Sometimes residents of northern College Park ask what NCPCA has done. Below is only a partial list of actions NCPCA has taken to benefit the community.


NCPCA requested that the Planning Commission, in its Master Plan of Transportation, not widen Rhode Island Ave., but keep it at only two lanes. This was supported by County Council in its vote on the MPOT.

 

Each year NCPCA obtains member input on the City budget and presents the City Council with a list of priorities for the neighborhoods.

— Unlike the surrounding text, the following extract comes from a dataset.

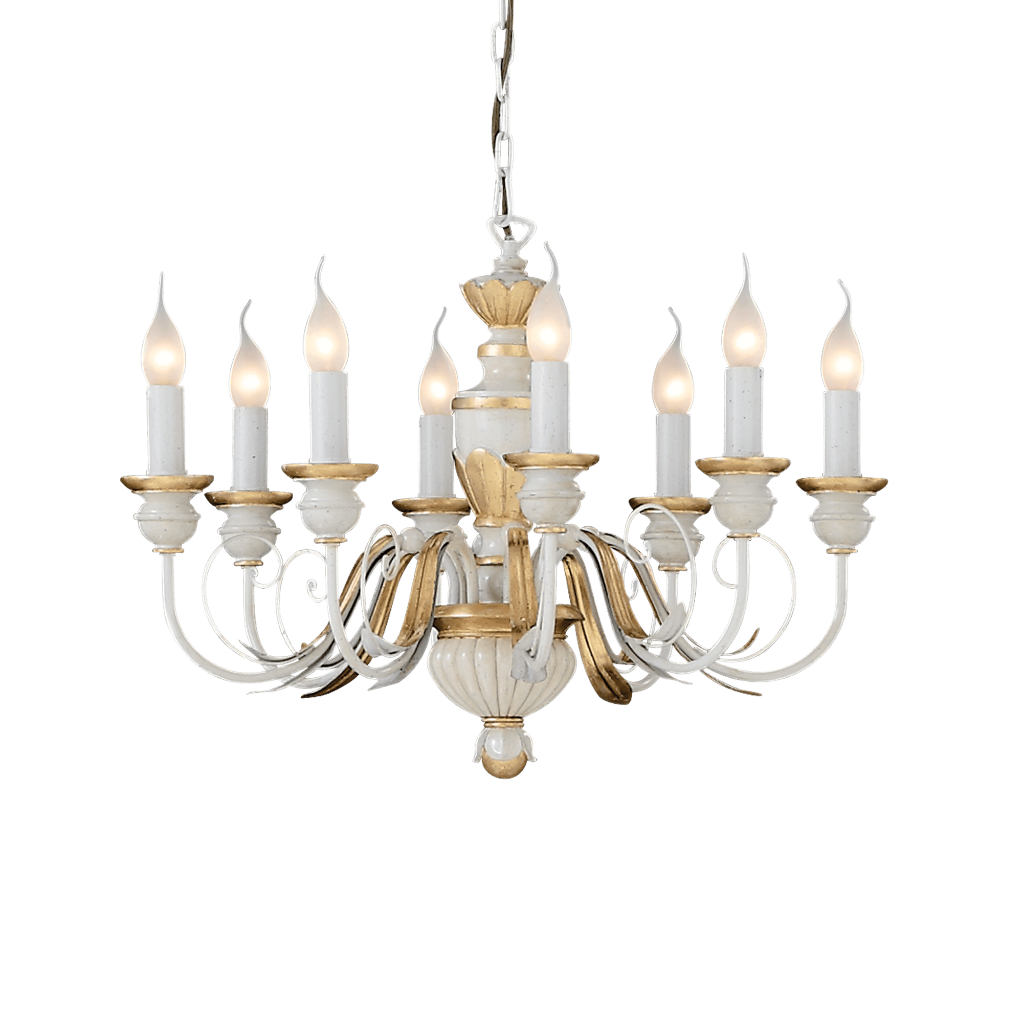 Tyylikäs Firenze SP5 riippuvalaisin huokuu klassista arvokkuutta ja italialaista käsityöperinnettä. Metallirunkoa koristavat käsinkoristellut kultaiset lehdet luovat rikkaan ja viimeistellyn ilmeen, joka tuo tilaan ylellisyyttä ja lämpöä. Antiikinkullan tai antiikinvalkoisen sävy tekee valaisimesta harmonisen osan klassista ja romanttista sisustusta.

These have included items such as sidewalk repairs, more or replacement trees to improve our neighborhoods, the location of new trash receptacles, improvements to City parks, a city-wide bicycle pedestrian plan, more code enforcement, and better animal control. (See 2010 budget priorities.)

NCPCA supported residents of Autoville/Cherry Hill when they opposed a proposed Chic-Fil-A development in their neighborhood, and asked City Council to also oppose the development. The Chic-Fil-A was not built.

An NCPCA committee worked with a developer on the design of an office building to ensure the design was a good fit with the neighborhood. The office building was not constructed due to economic reasons, but most of the conditions articulated by the committee were approved by the Planning Board.

NCPCA established a Variance Committee to quickly review variance requests in our area and recommend action to take to preserve our neighborhoods.

When a developer proposed building townhouses on the Endleman property (along the CSX tracks south of Lackwanna St.), NCPCA wrote to City Council and opposed this, stating that the property should not be developed as anything other the than single family detached homes allowed by its zoning. The project did not proceed.

Before the IHOP or Hampton Inn were built, NCPCA invited the developer to attend its meeting and discuss his plans for the site, which had been vacant.

NCPCA asked the State Highway Administration to correct the traffic signal at the head of Edgewood Rd. and where the beltway ramp ends on US 1. SHA listened to our concerns, and while the traffic signal was not fixed immediately, it was corrected in a later year.

NCPCA asked the Department of Labor, Licensing, and Regulation to modify their plans to build an unemployment center in Hollywood Shopping Center. They changed the building’s siting and accommodated NCPCA’s requests for changed lighting and a sidewalk connection.